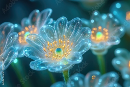 Obraz premium Luminous, translucent flowers with golden centers glow in a dark, ethereal...
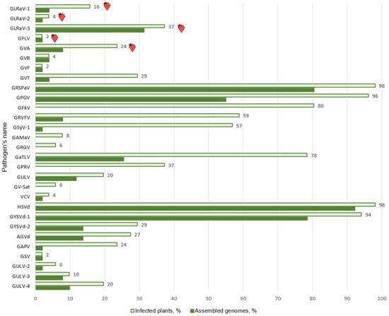 In the analysis of the viruses GLRaV-1, GLRaV-2, GLRaV-3, GRSPaV, GFLV, GPGV, GVA, GVB, and GVF with high coverage (more than a thousand reads per reference genome), a threshold of 10 reads and 15% of Ref Seq was set. For other viruses, no threshold was applied. Samples confirmed by both bioinformatics analysis of sequencing data and PCR were considered positive.
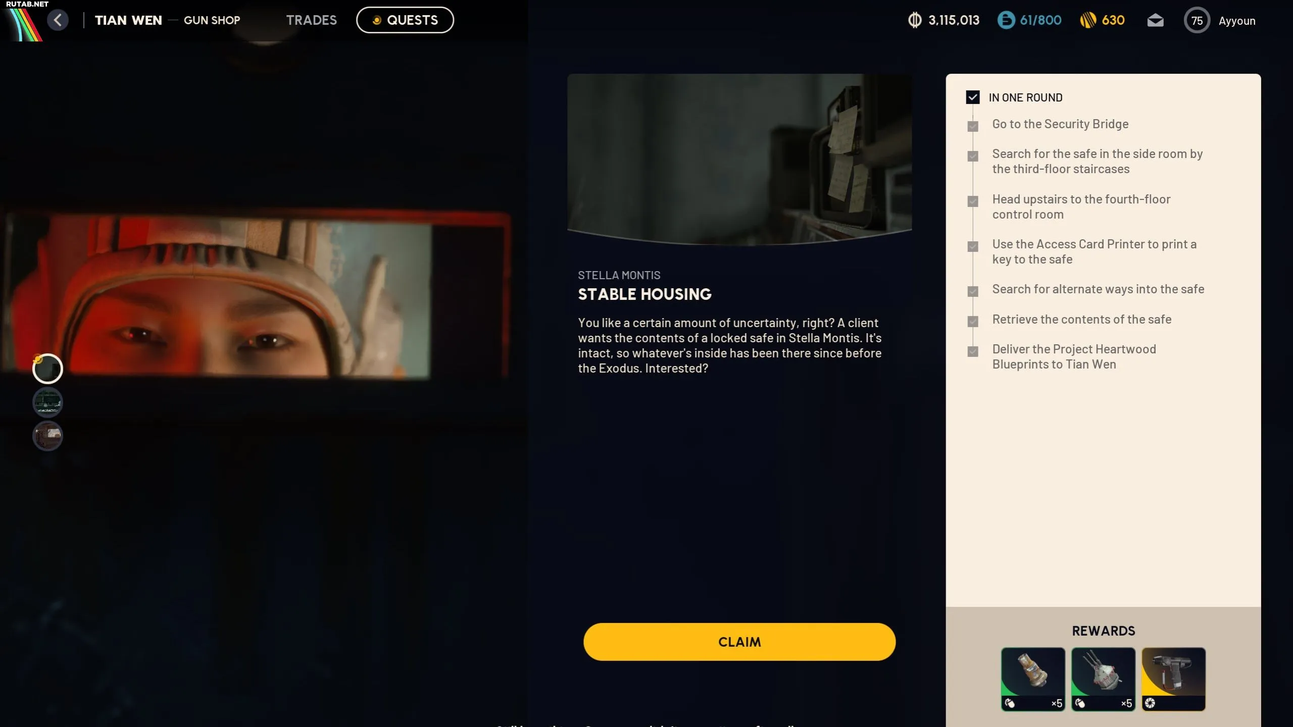 Вернувшись в Сперанцу, отдайте Чертёж проекта «Хартвуд» Тянь Вэнь. В награду за выполнение квеста «Стабильное жильё» вы получите 5 искательных гранат, 5 гранат-приманок и крюк-захват.
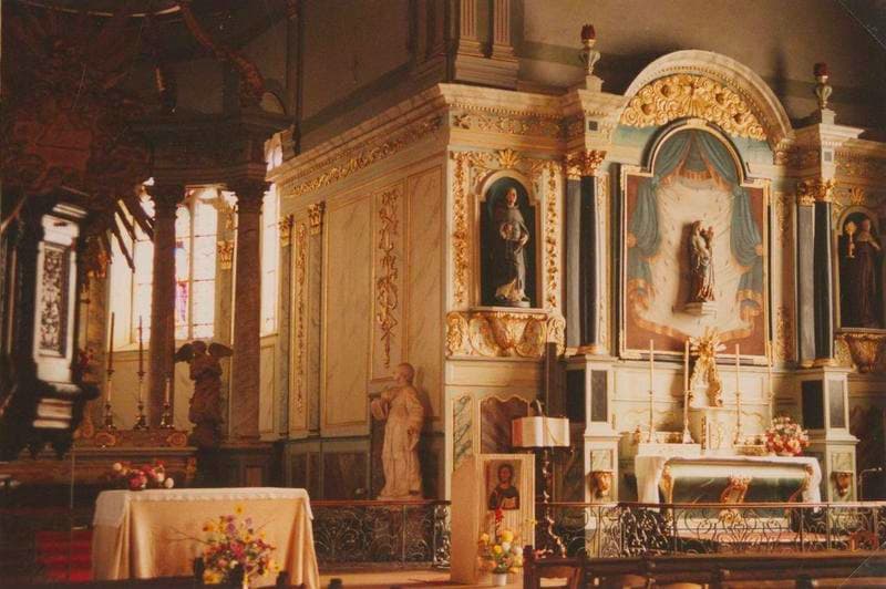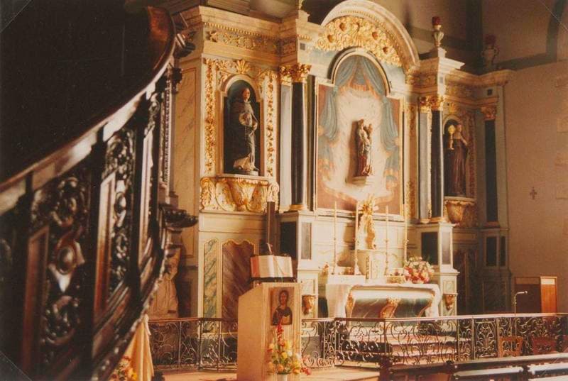 Retable Sud identique au retable Nord. grand tableau central encadré de deux colonnes. Ailes droite et gauche ornées de niches contenant des statues. Le tabernacle est surmonté de la monstrance.

### Task item
Return all of the data exactly as written, and drop the pictures.

### The answer
 Obraz premium Luminous, translucent flowers with golden centers glow in a dark, ethereal...
 In the analysis of the viruses GLRaV-1, GLRaV-2, GLRaV-3, GRSPaV, GFLV, GPGV, GVA, GVB, and GVF with high coverage (more than a thousand reads per reference genome), a threshold of 10 reads and 15% of Ref Seq was set. For other viruses, no threshold was applied. Samples confirmed by both bioinformatics analysis of sequencing data and PCR were considered positive.
 Вернувшись в Сперанцу, отдайте Чертёж проекта «Хартвуд» Тянь Вэнь. В награду за выполнение квеста «Стабильное жильё» вы получите 5 искательных гранат, 5 гранат-приманок и крюк-захват.
 Retable Sud identique au retable Nord. grand tableau central encadré de deux colonnes. Ailes droite et gauche ornées de niches contenant des statues. Le tabernacle est surmonté de la monstrance.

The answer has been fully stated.